§ Information shown
- - -
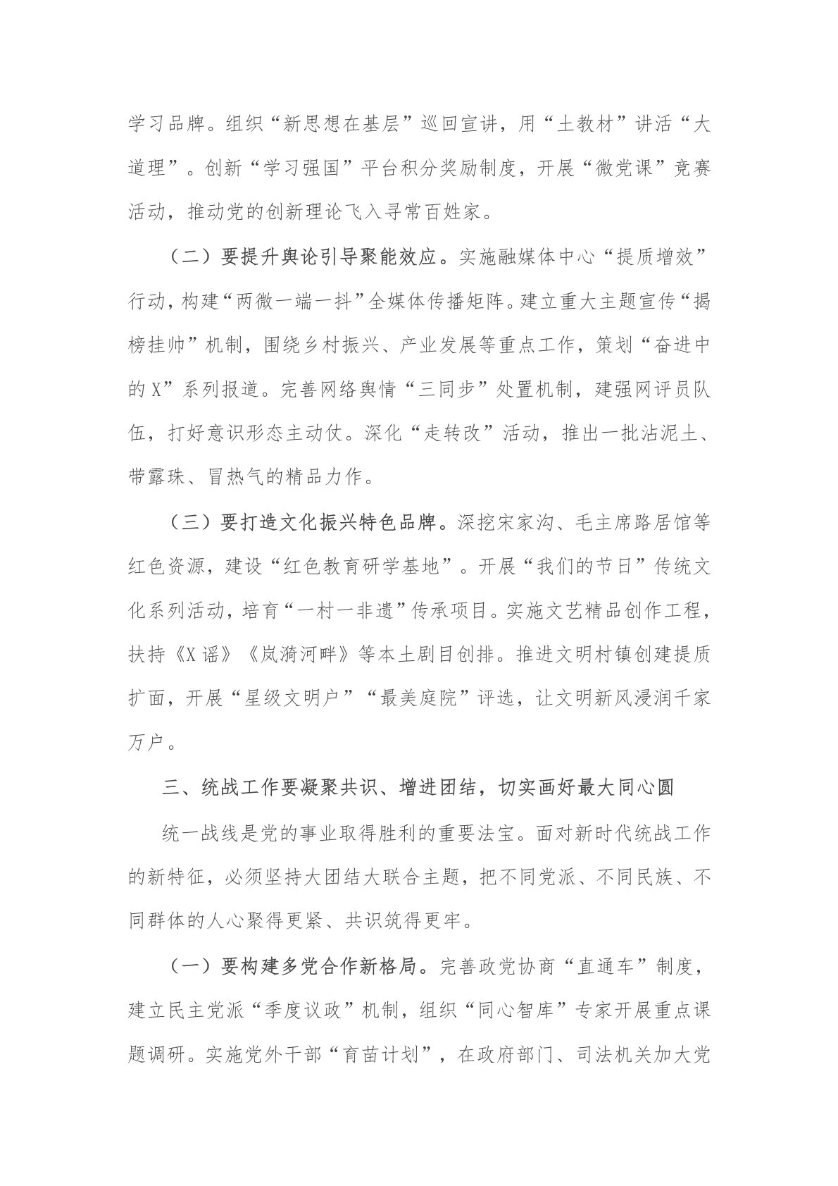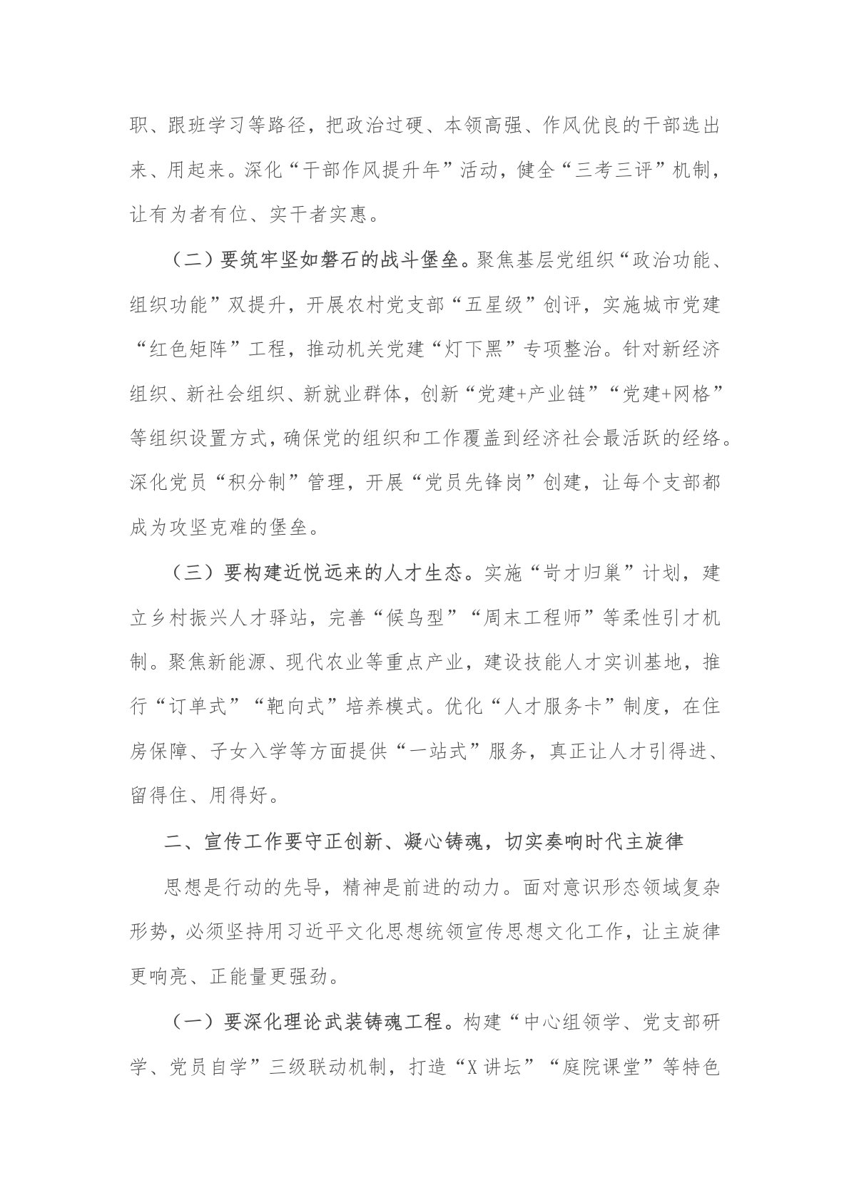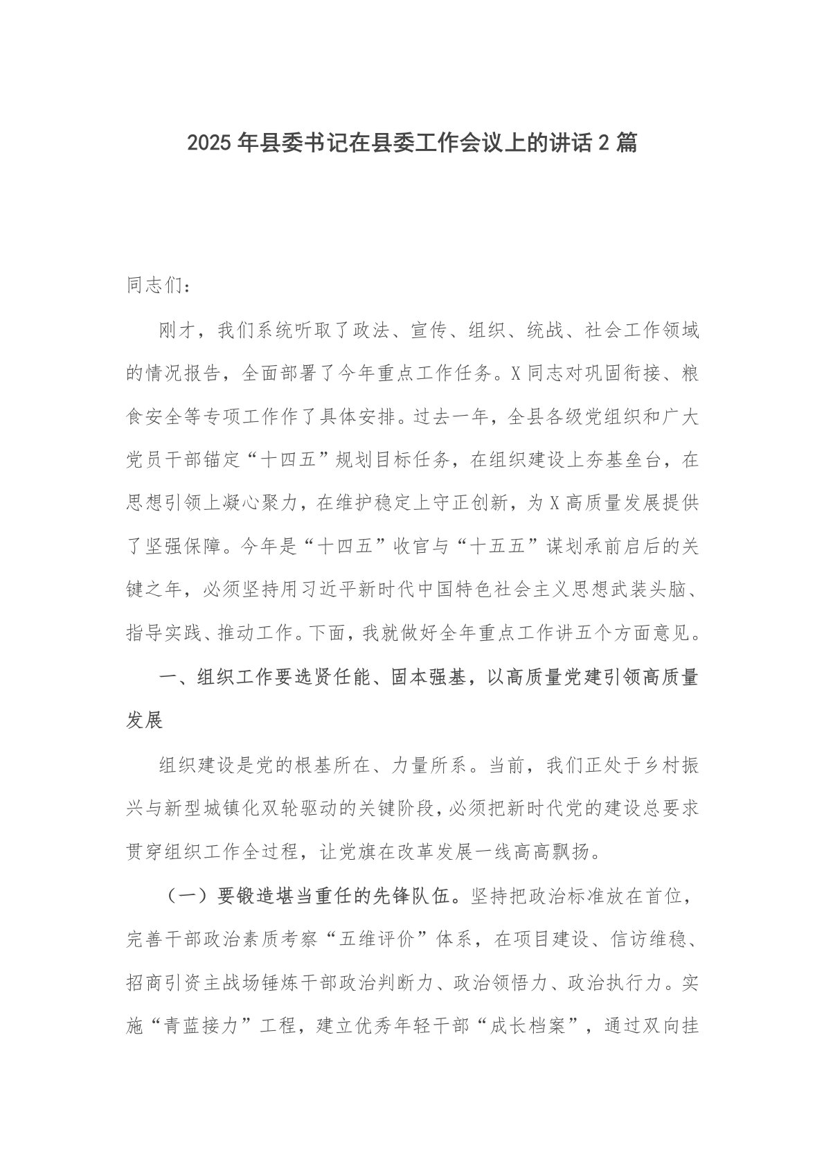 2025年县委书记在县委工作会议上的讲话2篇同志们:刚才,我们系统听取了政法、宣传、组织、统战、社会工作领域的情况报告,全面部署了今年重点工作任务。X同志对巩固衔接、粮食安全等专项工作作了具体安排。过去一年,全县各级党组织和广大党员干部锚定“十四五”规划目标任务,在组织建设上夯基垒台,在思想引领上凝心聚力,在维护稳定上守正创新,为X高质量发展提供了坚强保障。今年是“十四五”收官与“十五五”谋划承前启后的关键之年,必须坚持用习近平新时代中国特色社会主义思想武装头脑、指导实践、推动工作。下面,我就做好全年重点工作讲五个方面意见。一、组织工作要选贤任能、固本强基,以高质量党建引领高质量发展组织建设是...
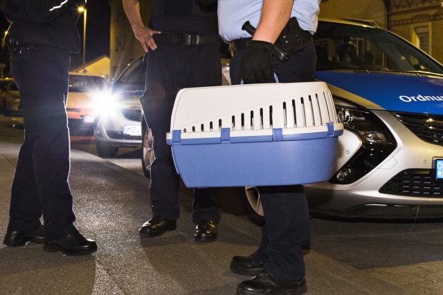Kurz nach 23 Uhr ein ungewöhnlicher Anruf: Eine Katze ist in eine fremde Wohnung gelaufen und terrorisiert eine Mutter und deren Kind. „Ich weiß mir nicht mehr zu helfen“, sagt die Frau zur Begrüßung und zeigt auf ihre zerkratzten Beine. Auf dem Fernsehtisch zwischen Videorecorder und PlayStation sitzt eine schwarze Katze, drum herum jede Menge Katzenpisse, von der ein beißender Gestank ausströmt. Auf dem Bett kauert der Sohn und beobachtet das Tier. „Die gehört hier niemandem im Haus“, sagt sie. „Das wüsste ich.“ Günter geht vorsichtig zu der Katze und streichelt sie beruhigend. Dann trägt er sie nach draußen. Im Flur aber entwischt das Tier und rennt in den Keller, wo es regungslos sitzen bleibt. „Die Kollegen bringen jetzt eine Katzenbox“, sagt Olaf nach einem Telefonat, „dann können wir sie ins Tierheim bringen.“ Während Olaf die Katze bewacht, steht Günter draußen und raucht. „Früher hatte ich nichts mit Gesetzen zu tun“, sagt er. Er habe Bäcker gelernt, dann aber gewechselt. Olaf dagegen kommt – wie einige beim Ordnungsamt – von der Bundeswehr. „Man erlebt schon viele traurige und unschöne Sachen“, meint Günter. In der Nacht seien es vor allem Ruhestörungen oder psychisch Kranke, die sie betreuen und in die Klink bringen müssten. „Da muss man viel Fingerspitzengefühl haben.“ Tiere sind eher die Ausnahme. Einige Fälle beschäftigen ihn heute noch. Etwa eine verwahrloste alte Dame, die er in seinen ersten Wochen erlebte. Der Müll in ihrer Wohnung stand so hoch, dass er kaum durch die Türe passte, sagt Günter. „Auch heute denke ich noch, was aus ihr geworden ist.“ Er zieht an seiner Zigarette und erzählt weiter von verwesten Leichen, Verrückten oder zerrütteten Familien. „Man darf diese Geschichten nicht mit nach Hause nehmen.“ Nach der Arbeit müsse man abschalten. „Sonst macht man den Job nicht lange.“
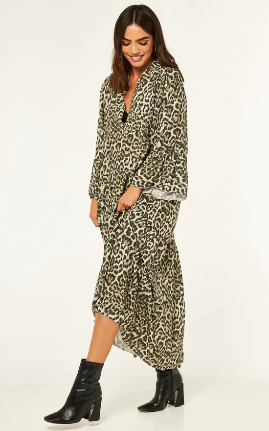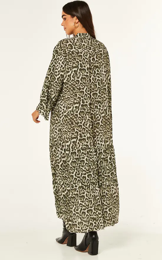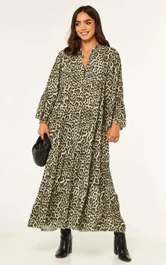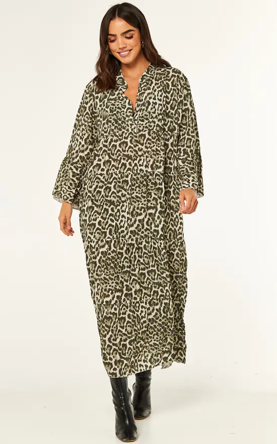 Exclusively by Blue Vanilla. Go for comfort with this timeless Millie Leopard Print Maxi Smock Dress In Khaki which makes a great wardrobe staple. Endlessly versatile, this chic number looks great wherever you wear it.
- - -
§ Task
Reproduce the data word for word, excluding its pictures.

§ Exercise answer
 2025年县委书记在县委工作会议上的讲话2篇同志们:刚才,我们系统听取了政法、宣传、组织、统战、社会工作领域的情况报告,全面部署了今年重点工作任务。X同志对巩固衔接、粮食安全等专项工作作了具体安排。过去一年,全县各级党组织和广大党员干部锚定“十四五”规划目标任务,在组织建设上夯基垒台,在思想引领上凝心聚力,在维护稳定上守正创新,为X高质量发展提供了坚强保障。今年是“十四五”收官与“十五五”谋划承前启后的关键之年,必须坚持用习近平新时代中国特色社会主义思想武装头脑、指导实践、推动工作。下面,我就做好全年重点工作讲五个方面意见。一、组织工作要选贤任能、固本强基,以高质量党建引领高质量发展组织建设是...
Kurz nach 23 Uhr ein ungewöhnlicher Anruf: Eine Katze ist in eine fremde Wohnung gelaufen und terrorisiert eine Mutter und deren Kind. „Ich weiß mir nicht mehr zu helfen“, sagt die Frau zur Begrüßung und zeigt auf ihre zerkratzten Beine. Auf dem Fernsehtisch zwischen Videorecorder und PlayStation sitzt eine schwarze Katze, drum herum jede Menge Katzenpisse, von der ein beißender Gestank ausströmt. Auf dem Bett kauert der Sohn und beobachtet das Tier. „Die gehört hier niemandem im Haus“, sagt sie. „Das wüsste ich.“ Günter geht vorsichtig zu der Katze und streichelt sie beruhigend. Dann trägt er sie nach draußen. Im Flur aber entwischt das Tier und rennt in den Keller, wo es regungslos sitzen bleibt. „Die Kollegen bringen jetzt eine Katzenbox“, sagt Olaf nach einem Telefonat, „dann können wir sie ins Tierheim bringen.“ Während Olaf die Katze bewacht, steht Günter draußen und raucht. „Früher hatte ich nichts mit Gesetzen zu tun“, sagt er. Er habe Bäcker gelernt, dann aber gewechselt. Olaf dagegen kommt – wie einige beim Ordnungsamt – von der Bundeswehr. „Man erlebt schon viele traurige und unschöne Sachen“, meint Günter. In der Nacht seien es vor allem Ruhestörungen oder psychisch Kranke, die sie betreuen und in die Klink bringen müssten. „Da muss man viel Fingerspitzengefühl haben.“ Tiere sind eher die Ausnahme. Einige Fälle beschäftigen ihn heute noch. Etwa eine verwahrloste alte Dame, die er in seinen ersten Wochen erlebte. Der Müll in ihrer Wohnung stand so hoch, dass er kaum durch die Türe passte, sagt Günter. „Auch heute denke ich noch, was aus ihr geworden ist.“ Er zieht an seiner Zigarette und erzählt weiter von verwesten Leichen, Verrückten oder zerrütteten Familien. „Man darf diese Geschichten nicht mit nach Hause nehmen.“ Nach der Arbeit müsse man abschalten. „Sonst macht man den Job nicht lange.“
 Exclusively by Blue Vanilla. Go for comfort with this timeless Millie Leopard Print Maxi Smock Dress In Khaki which makes a great wardrobe staple. Endlessly versatile, this chic number looks great wherever you wear it.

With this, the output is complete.